Instruction for the entries below: return the part that opens with the line containing "1、进入麦萌短剧后就会为用户推荐全网热门短剧。" and closes with the line containing "Практичный сборный каркасный", exactly, and no pictures.

**DATASET EXCERPTS:**
════════

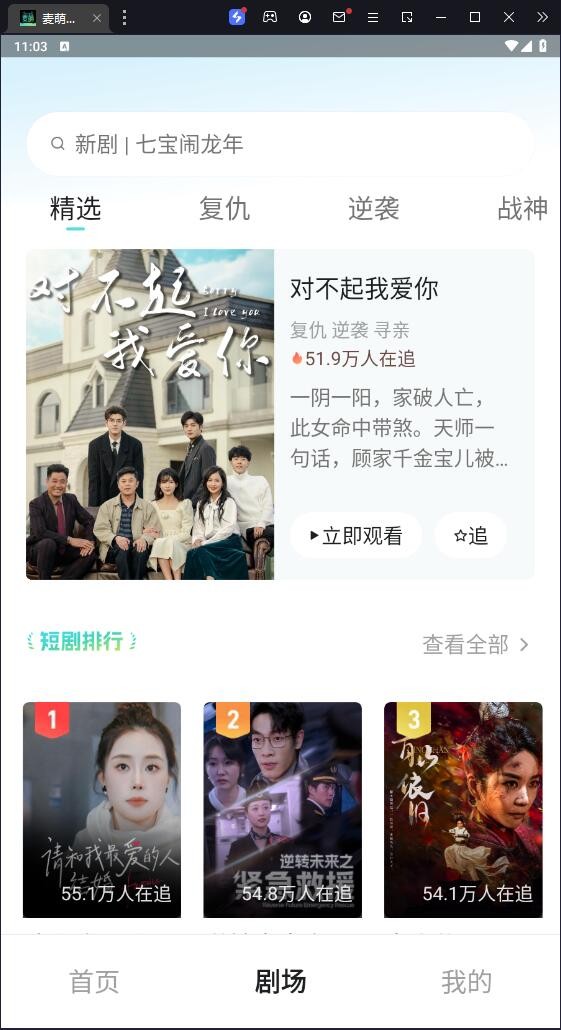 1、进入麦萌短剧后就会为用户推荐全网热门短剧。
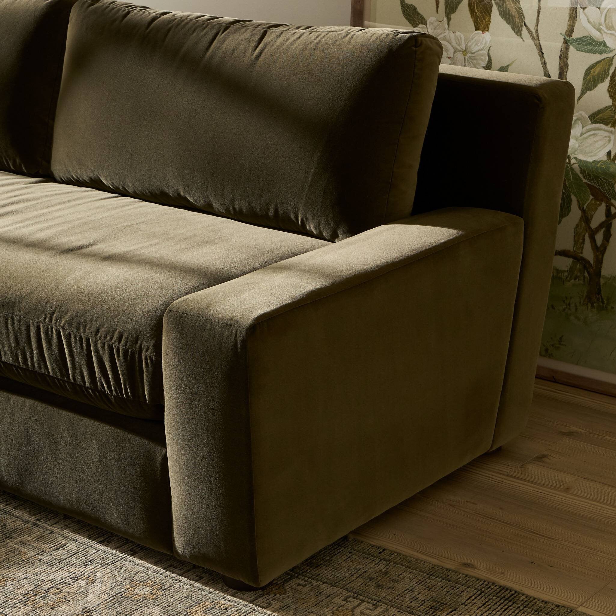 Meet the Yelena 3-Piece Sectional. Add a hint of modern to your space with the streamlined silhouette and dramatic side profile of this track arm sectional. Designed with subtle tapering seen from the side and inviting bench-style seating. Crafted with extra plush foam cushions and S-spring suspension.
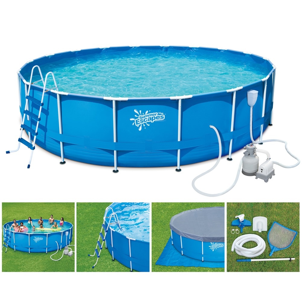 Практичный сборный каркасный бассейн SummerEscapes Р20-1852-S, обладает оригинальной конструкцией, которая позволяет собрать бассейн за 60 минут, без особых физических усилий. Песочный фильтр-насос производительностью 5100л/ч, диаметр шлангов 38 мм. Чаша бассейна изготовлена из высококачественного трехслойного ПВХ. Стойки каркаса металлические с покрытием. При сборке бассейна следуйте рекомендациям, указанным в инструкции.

════════

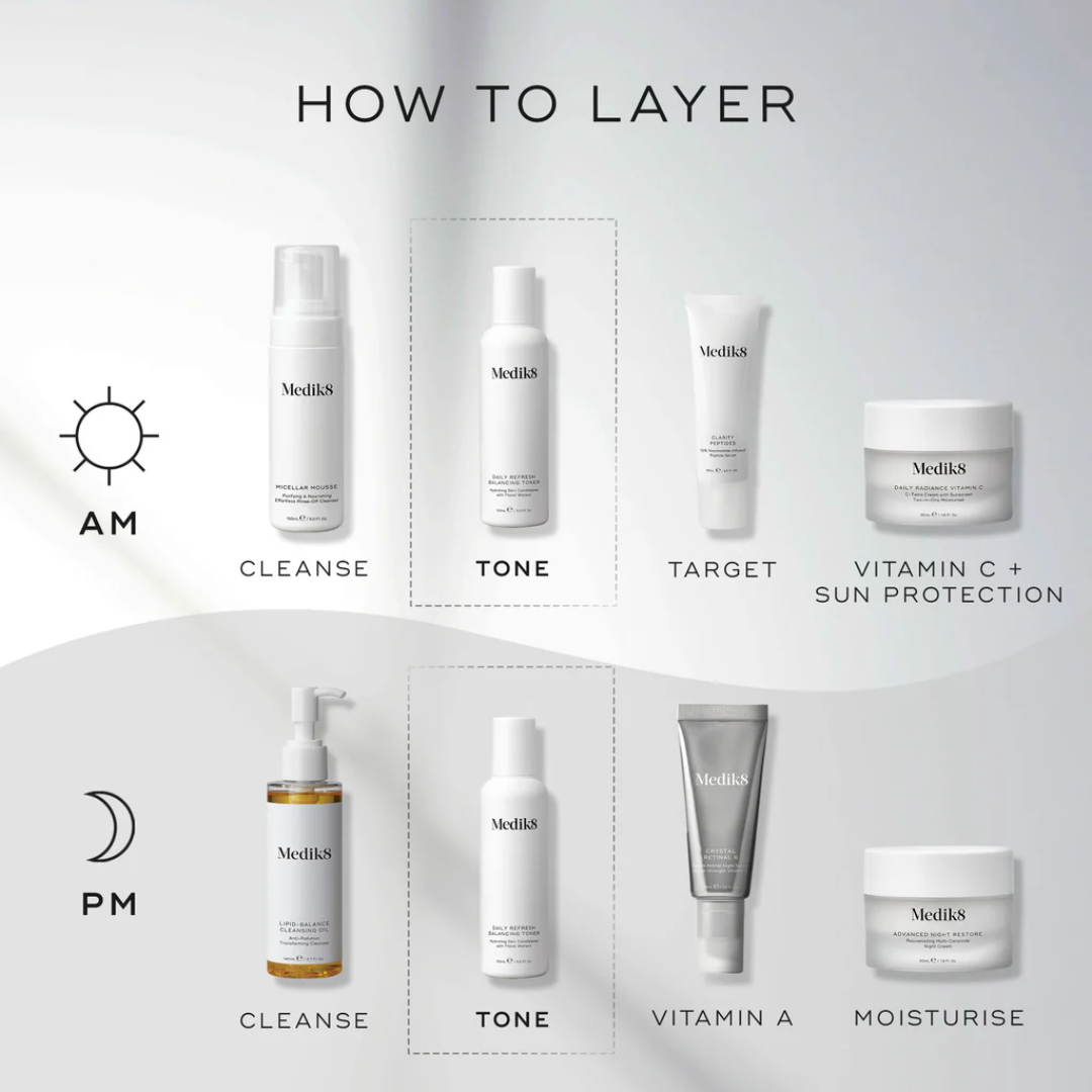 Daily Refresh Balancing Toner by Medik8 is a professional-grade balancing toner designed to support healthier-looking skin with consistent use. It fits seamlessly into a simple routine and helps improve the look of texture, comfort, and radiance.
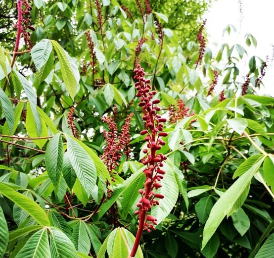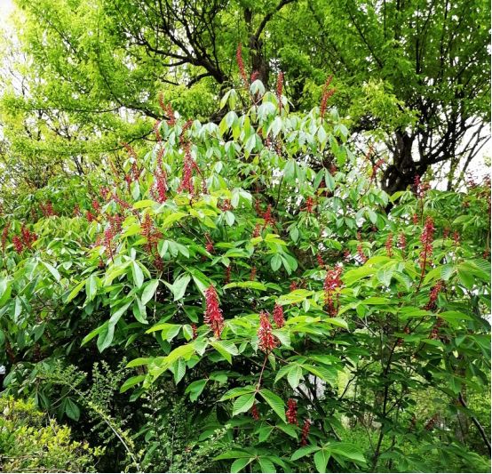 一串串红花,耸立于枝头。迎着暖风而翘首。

════════

**OUTPUT:**
 1、进入麦萌短剧后就会为用户推荐全网热门短剧。
 Meet the Yelena 3-Piece Sectional. Add a hint of modern to your space with the streamlined silhouette and dramatic side profile of this track arm sectional. Designed with subtle tapering seen from the side and inviting bench-style seating. Crafted with extra plush foam cushions and S-spring suspension.
 Практичный сборный каркасный бассейн SummerEscapes Р20-1852-S, обладает оригинальной конструкцией, которая позволяет собрать бассейн за 60 минут, без особых физических усилий. Песочный фильтр-насос производительностью 5100л/ч, диаметр шлангов 38 мм. Чаша бассейна изготовлена из высококачественного трехслойного ПВХ. Стойки каркаса металлические с покрытием. При сборке бассейна следуйте рекомендациям, указанным в инструкции.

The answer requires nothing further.